Facing about, they view the full interior of this magnificent playhouse. Transversely across the lower floor are aisled rows of low comfortable arm chairs from which gayly dressed people are arising. The audience hall is separated from a spacious foyer by groups of inclosed boxes curtained in royal purple. Two similarly draped circular guests' boxes protrude from the side walls above the side foyer doorways, and back of them sweeps a deep broad balcony with open loggias in front and inclosed boxes at the rear. The walls are plain panels of imitation Caen stone, surmounted by a simple ceiling of the same material with a large canopied dome in the center for ventilation. The junction lines of the walls and ceiling are adorned by a brilliantly illuminated cove that furnishes reflected light to the whole interior. The floors are carpeted in a solid gray and the dead whiteness of the walls and ceiling is relieved by the warm tones of purple hangings.

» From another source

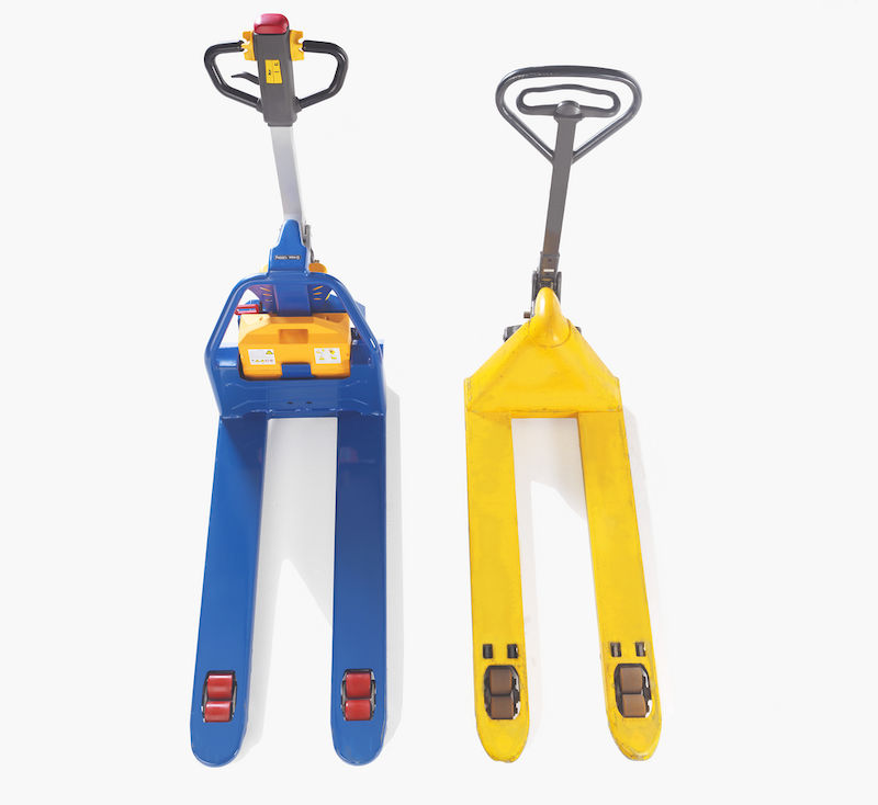 Elektrisk pallyftare Minea. Den elektriska lyftvagnen E15 är en vidareutveckling av den klassiska pallyftaren, med samma robusta konstruktion och flexibilitet, men modernare driv- och lyftteknik, vid motsvarande dimensioner.

Passing through the foyer on their way out the couple wait but a moment to recover their outer garments. Plenty of courteous attendants are there to serve them. This short pause gives them an opportunity to view with admiration the delightful comforts of this broad promenade, with its marble stairways on both sides rising to the balconied mezzanine floor above, underneath which are the coat-hanging and hat-checking conveniences. Against the side walls, between the numerous emergency exits, are long comfortable divans for use during intervals or for patrons waiting for admission until the termination of an act.
The couple depart deciding to attend this wonderful house again at every weekly change of program.